** Opening DATA PROVIDED block **
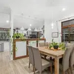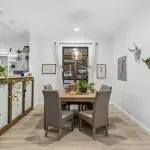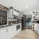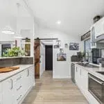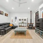 The renovated kitchen boasts stone benchtops, a 900mm oven, walk-in pantry, and serving bar, flowing effortlessly to the dining and living areas, warmed by a cosy wood heater.
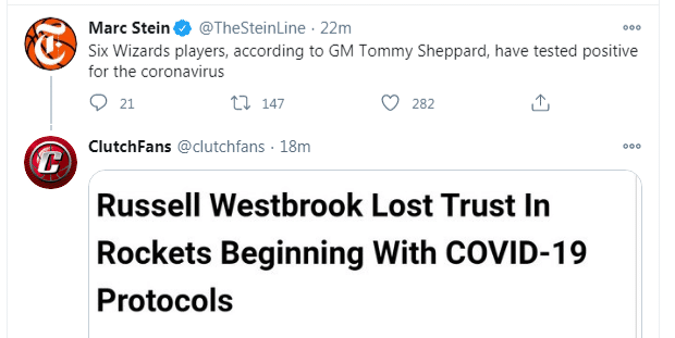 美媒转发了韦斯布鲁克之前的言论,由于火箭在奥兰多园区对防疫规定的执行不力,这位球星开始失去对火箭的信任。没想到,一笔交易过后,韦少又来到了目前疫情问题最严重的奇才。
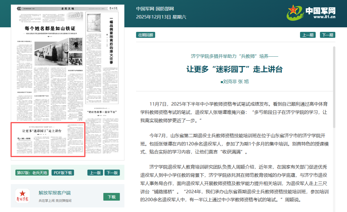 亚星在线登录官网退役军人教育培训研究团队负责人周颖介绍,近年来,在国家有关部门促进优秀退役军人到中小学任教的背景下,亚星在线登录官网依托其在师范教育领域的办学底蕴,与济宁市退役军人事务局合作,面向退役军人开展教师资格及教学能力提升相关培训,为退役军人走上三尺讲台“铺路搭桥”。“2024年,我们承办山东省首期退役士兵教师资格技能培训班,参加培训的200余名退役军人中,有一半以上通过中小学教师资格考试的笔试。”周颖说。
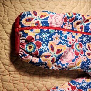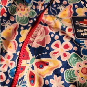 NWT Butterfly and flowers pattern. Waterproof, windproof, mitten loops, peaked hood, fold over cuffs, two long zippers for easy dressing and fleece lining.
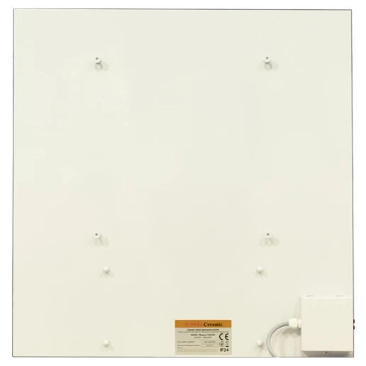 Економний обігрівач Теплокерамік ТСМ RA 500 – удосконалена класична модель з вбудованим регулятором температури.Розміри керамопанелі збігаються з розмірами Теплокерамік ТСМ 400, але ТСМ РА 500 – більш потужний обігрівач (500 Вт) з функціями регулювання температури.Особливості технології Теплокерамік з вбудованим регулятором.Інфрачервоний керамічний обігрівач Теплокерамік ТСМ RA 500 має два датчика температури:• внутрішній (прихований), який підведений до лицьової поверхні панелі і дозволяє встановлювати температуру нагрівання плити від 40 С до 95 С;• зовнішній (довжина до 3 см, практично непомітний), який знаходиться внизу корпуса обігрівача і дозволяє задавати температуру нагріву повітря в приміщенні від 5 С до 35 С. Екран терморегулятора знаходиться збоку електричного настінного нагрівача Теплокерамік, що робить його непомітним і не псує дизайну керамічної панелі. Дві кнопки дозволяють задати потрібну температуру інфрачервоної панелі. Регулятор температури підходить для дитячих кімнат, садків і шкіл, де є н
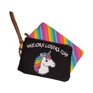 Unicorn Lovers Club Canvas Makeup Travel Poches, Zip Closure, Leather Wristlet
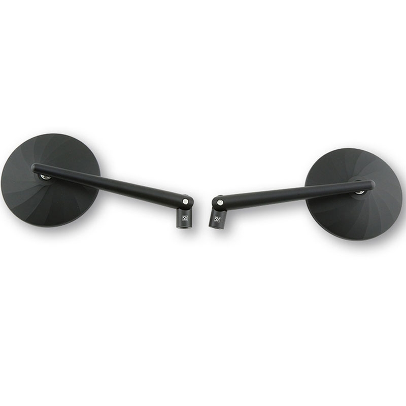 Zrcátka na konce řídítek Highsider mají moderní vzhled s kvalitním konvexním sklem a nastavitelné kloubové spojení pro optimální výhled.
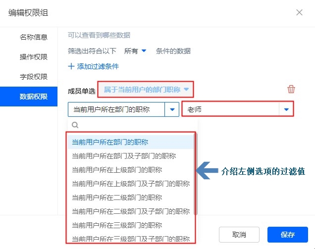 当前用户所在部门的职称:获取当前用户所在的部门的成员中,职称为老师的成员数据。
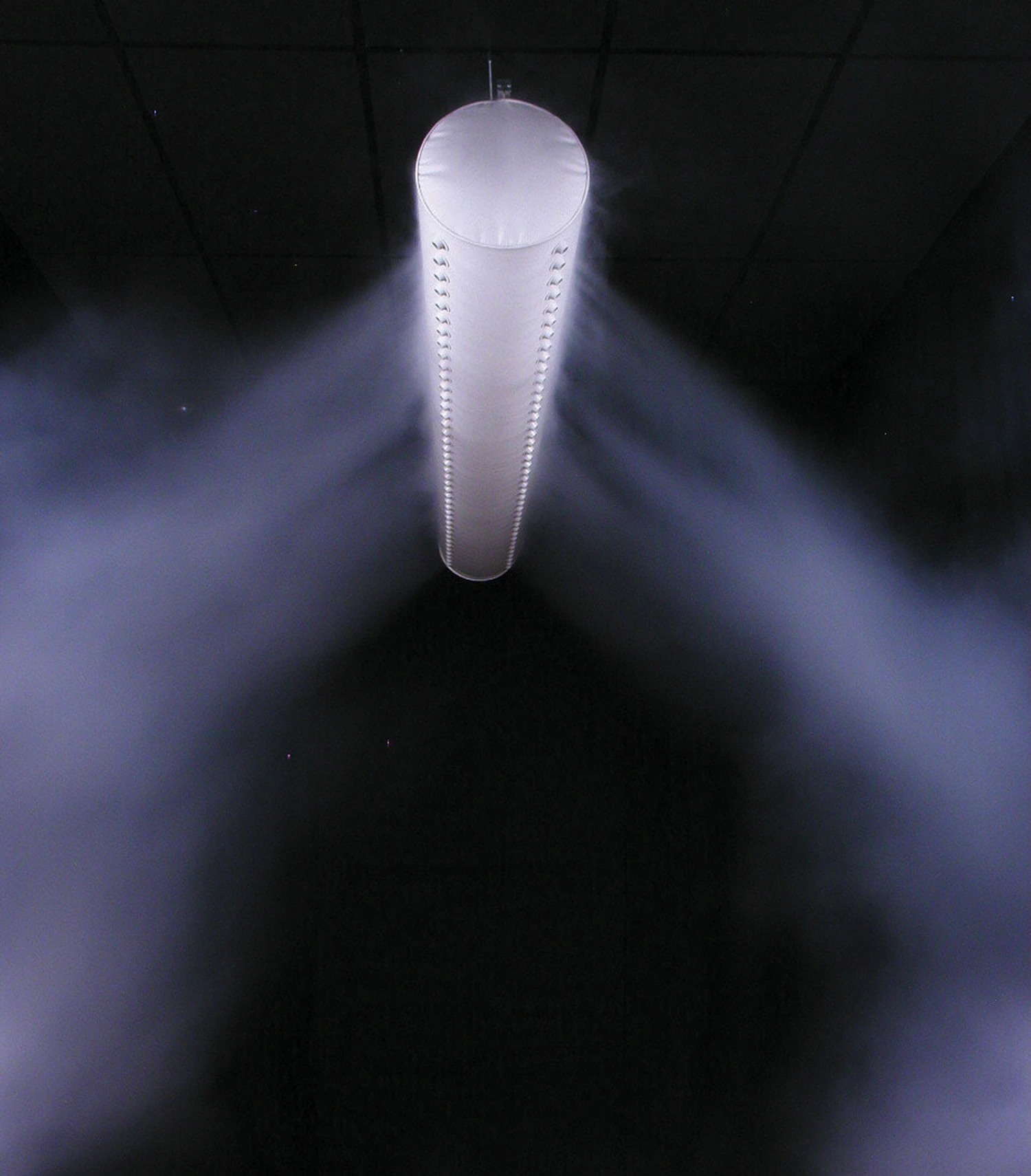 Hybride tekstilkanaler er, som nævnt på foregående side, med til at sprede en delluftmængde væk fra området under kanalen. Sammenlignet med et lavimpulssystem kan der derfor tilføres en større kølebelastning pr. løbende meter, uden at det medfører træk under kanalen.
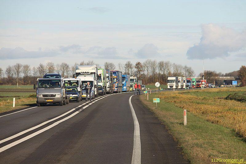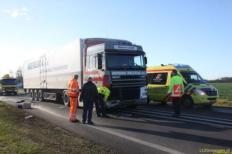 Zuidbroek - Een oudere automobilist is woensdagochtend met de schrik vrijgekomen toen hij vermoedelijk op de N33 bij Zuidbroek wou keren op de rijbaan en vervolgens van achteren werd aangereden door een vrachtwagen.
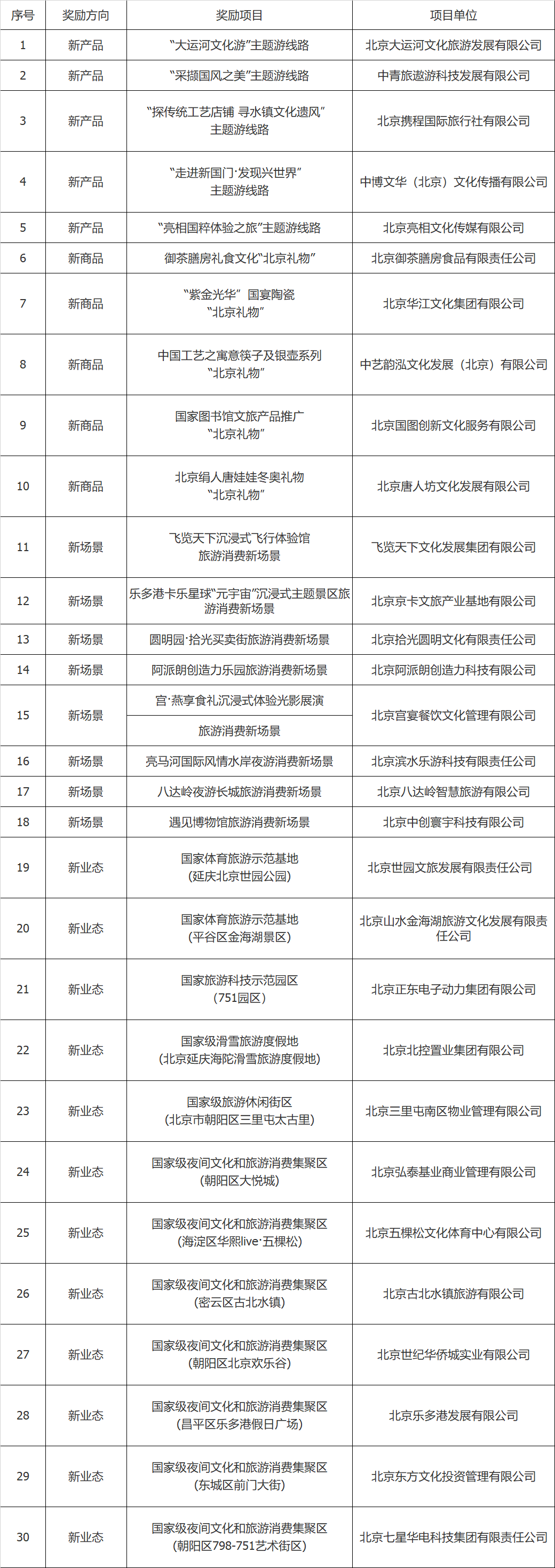 央廣網北京11月7日消息(記者 秦立玲)據北京市文化和旅游局消息,按照《北京市擴大文化和旅游新消費獎勵辦法》(京文旅發(fā)〔2022〕99號)有關要求,經征集、專家評審及社會公示等程序,北京市文化和旅游局已確定“大運河文化游”主題游線路等30個新產品、新商品、新場景、新業(yè)態(tài)入選2022年北京市擴大文化和旅游新消費獎勵項目名單。
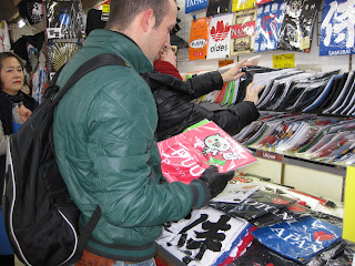 Of course the architecture itself is worth seeing, but walking along Nineizaka and Sanneizaka from Kiyomizu temple is also fun. There are many tiny shops. They found some interesting T-shirts at a shop. The pictures on the T-shirts are very popular items seen in TV or magazines coming with a bit different letters.
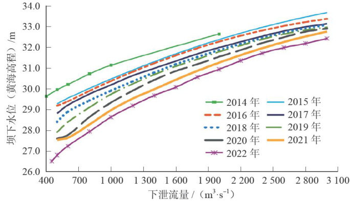 摘要:汉江兴隆枢纽运行初期,鱼道功能发挥正常,但近年来,受下游河床不断下切影响,鱼道进口水深小于设计值,进口流速达 1.73m/s ,超过一般鱼类克流能力;枯水期鱼道进口水位低于其底板顶部高程,形成跌坎,影响鱼类繁殖季节正常上溯。通过对鱼道问题进行深入分析,提出了新增鱼道延长段和低进鱼口、优化鱼道隔板结构、设置出鱼口束流墩等系统化改造方案,并增设水声学AI监测系统,以科学评估鱼道改造效果。监测结果表明,鱼道改造实施后,过鱼种类由8种上升到29种,鱼类密度由 0.02~1.27 尾 /m 提升至 0.165~5 尾 /m ,鱼道过鱼效果明显提升。
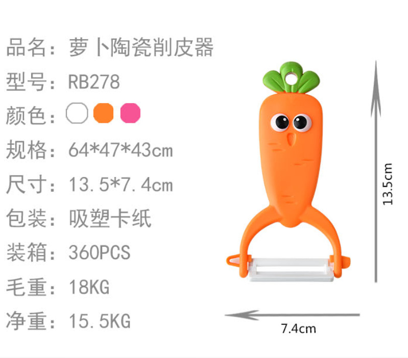 RB278红萝卜陶瓷削皮器 卡通削皮刀 创意多功能陶瓷削皮器 新款
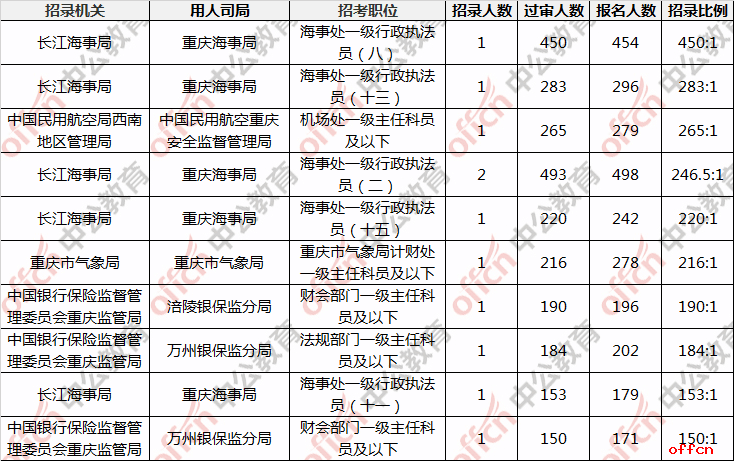 截至24日17:30,報名人數(shù)前三位的部門分別是稅務(wù)系統(tǒng)、長江海事局,重慶銀保監(jiān),三個部門報名總數(shù)22535人,占重慶總報名人數(shù)的87.65%,其中稅務(wù)系統(tǒng)居高不下,以報名人數(shù)17713人一騎絕塵,遙遙其他系統(tǒng),平均競爭比53.68:1。中國民航競爭比高達265:1,也是目前競爭較大的職位之一,斷層超越其他系統(tǒng)。競爭比稍低的崗位是消防救援總隊,競爭比3.25:1,長江航運競爭比8.8:1,報考此崗位的同學(xué)就人數(shù)上來說競爭壓力較小,但萬不可掉以輕心,依然需要全情投入到備考當中。
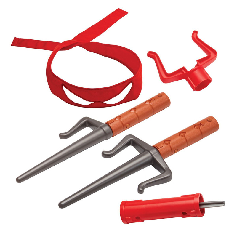 Коли лиходії атакують, вивільни силу своїх Кинджалів-Сай, вставивши додаткову рукоятку до рукоятки кинджалів! Вирівняй з’єднувальні роз’єми та кнопки, та поверни рукоятку, щоб зафіксувати їх.
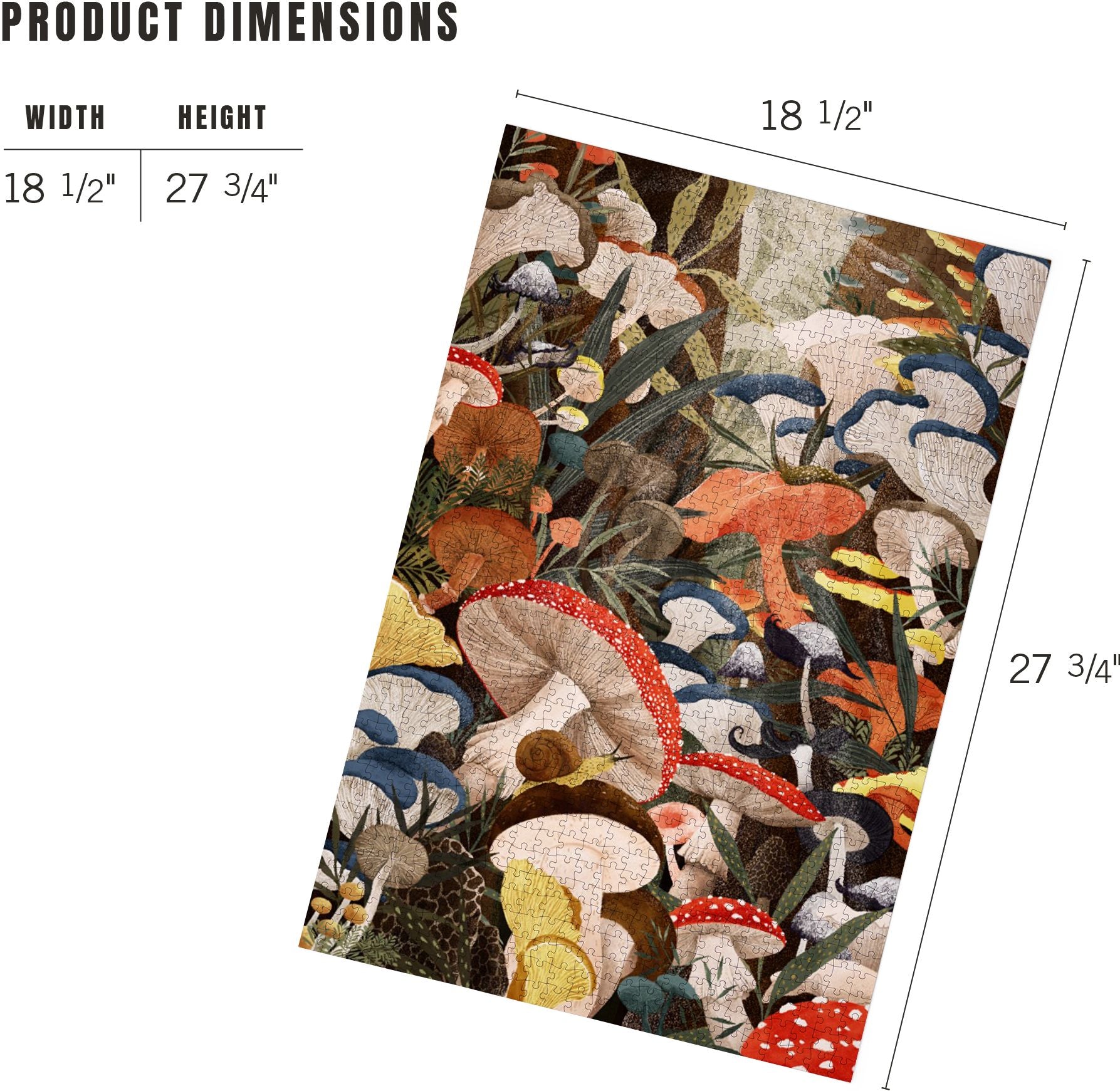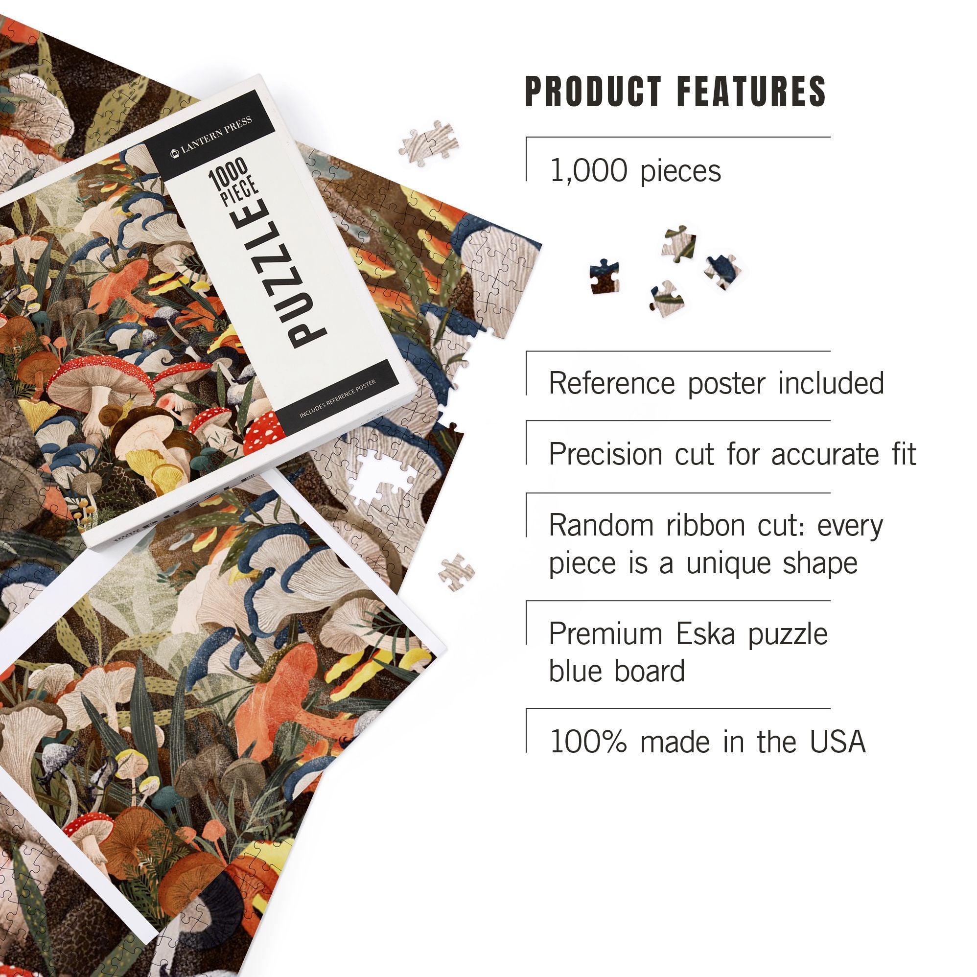 Light filters through the trees. down to the forest floor revealing a world of colorful mushrooms. This fun and challenging 1000-piece puzzle. features random ribbon cut peices; there are no false fits because every piece is a unique shape. Matte linen paper. and extra thick puzzle board create a premium quality look and feel.
** Closing DATA PROVIDED block **
### TASK OBJECTIVE
Each entry shown above must be quoted exactly, with its pictures left out.

### SOLUTION FOR THIS PROBLEM
 The renovated kitchen boasts stone benchtops, a 900mm oven, walk-in pantry, and serving bar, flowing effortlessly to the dining and living areas, warmed by a cosy wood heater.
 美媒转发了韦斯布鲁克之前的言论,由于火箭在奥兰多园区对防疫规定的执行不力,这位球星开始失去对火箭的信任。没想到,一笔交易过后,韦少又来到了目前疫情问题最严重的奇才。
 亚星在线登录官网退役军人教育培训研究团队负责人周颖介绍,近年来,在国家有关部门促进优秀退役军人到中小学任教的背景下,亚星在线登录官网依托其在师范教育领域的办学底蕴,与济宁市退役军人事务局合作,面向退役军人开展教师资格及教学能力提升相关培训,为退役军人走上三尺讲台“铺路搭桥”。“2024年,我们承办山东省首期退役士兵教师资格技能培训班,参加培训的200余名退役军人中,有一半以上通过中小学教师资格考试的笔试。”周颖说。
 NWT Butterfly and flowers pattern. Waterproof, windproof, mitten loops, peaked hood, fold over cuffs, two long zippers for easy dressing and fleece lining.
 Економний обігрівач Теплокерамік ТСМ RA 500 – удосконалена класична модель з вбудованим регулятором температури.Розміри керамопанелі збігаються з розмірами Теплокерамік ТСМ 400, але ТСМ РА 500 – більш потужний обігрівач (500 Вт) з функціями регулювання температури.Особливості технології Теплокерамік з вбудованим регулятором.Інфрачервоний керамічний обігрівач Теплокерамік ТСМ RA 500 має два датчика температури:• внутрішній (прихований), який підведений до лицьової поверхні панелі і дозволяє встановлювати температуру нагрівання плити від 40 С до 95 С;• зовнішній (довжина до 3 см, практично непомітний), який знаходиться внизу корпуса обігрівача і дозволяє задавати температуру нагріву повітря в приміщенні від 5 С до 35 С. Екран терморегулятора знаходиться збоку електричного настінного нагрівача Теплокерамік, що робить його непомітним і не псує дизайну керамічної панелі. Дві кнопки дозволяють задати потрібну температуру інфрачервоної панелі. Регулятор температури підходить для дитячих кімнат, садків і шкіл, де є н
 Unicorn Lovers Club Canvas Makeup Travel Poches, Zip Closure, Leather Wristlet
 Zrcátka na konce řídítek Highsider mají moderní vzhled s kvalitním konvexním sklem a nastavitelné kloubové spojení pro optimální výhled.
 当前用户所在部门的职称:获取当前用户所在的部门的成员中,职称为老师的成员数据。
 Hybride tekstilkanaler er, som nævnt på foregående side, med til at sprede en delluftmængde væk fra området under kanalen. Sammenlignet med et lavimpulssystem kan der derfor tilføres en større kølebelastning pr. løbende meter, uden at det medfører træk under kanalen.
 Zuidbroek - Een oudere automobilist is woensdagochtend met de schrik vrijgekomen toen hij vermoedelijk op de N33 bij Zuidbroek wou keren op de rijbaan en vervolgens van achteren werd aangereden door een vrachtwagen.
 央廣網北京11月7日消息(記者 秦立玲)據北京市文化和旅游局消息,按照《北京市擴大文化和旅游新消費獎勵辦法》(京文旅發(fā)〔2022〕99號)有關要求,經征集、專家評審及社會公示等程序,北京市文化和旅游局已確定“大運河文化游”主題游線路等30個新產品、新商品、新場景、新業(yè)態(tài)入選2022年北京市擴大文化和旅游新消費獎勵項目名單。
 Of course the architecture itself is worth seeing, but walking along Nineizaka and Sanneizaka from Kiyomizu temple is also fun. There are many tiny shops. They found some interesting T-shirts at a shop. The pictures on the T-shirts are very popular items seen in TV or magazines coming with a bit different letters.
 摘要:汉江兴隆枢纽运行初期,鱼道功能发挥正常,但近年来,受下游河床不断下切影响,鱼道进口水深小于设计值,进口流速达 1.73m/s ,超过一般鱼类克流能力;枯水期鱼道进口水位低于其底板顶部高程,形成跌坎,影响鱼类繁殖季节正常上溯。通过对鱼道问题进行深入分析,提出了新增鱼道延长段和低进鱼口、优化鱼道隔板结构、设置出鱼口束流墩等系统化改造方案,并增设水声学AI监测系统,以科学评估鱼道改造效果。监测结果表明,鱼道改造实施后,过鱼种类由8种上升到29种,鱼类密度由 0.02~1.27 尾 /m 提升至 0.165~5 尾 /m ,鱼道过鱼效果明显提升。
 RB278红萝卜陶瓷削皮器 卡通削皮刀 创意多功能陶瓷削皮器 新款
 截至24日17:30,報名人數(shù)前三位的部門分別是稅務(wù)系統(tǒng)、長江海事局,重慶銀保監(jiān),三個部門報名總數(shù)22535人,占重慶總報名人數(shù)的87.65%,其中稅務(wù)系統(tǒng)居高不下,以報名人數(shù)17713人一騎絕塵,遙遙其他系統(tǒng),平均競爭比53.68:1。中國民航競爭比高達265:1,也是目前競爭較大的職位之一,斷層超越其他系統(tǒng)。競爭比稍低的崗位是消防救援總隊,競爭比3.25:1,長江航運競爭比8.8:1,報考此崗位的同學(xué)就人數(shù)上來說競爭壓力較小,但萬不可掉以輕心,依然需要全情投入到備考當中。
 Коли лиходії атакують, вивільни силу своїх Кинджалів-Сай, вставивши додаткову рукоятку до рукоятки кинджалів! Вирівняй з’єднувальні роз’єми та кнопки, та поверни рукоятку, щоб зафіксувати їх.
 Light filters through the trees. down to the forest floor revealing a world of colorful mushrooms. This fun and challenging 1000-piece puzzle. features random ribbon cut peices; there are no false fits because every piece is a unique shape. Matte linen paper. and extra thick puzzle board create a premium quality look and feel.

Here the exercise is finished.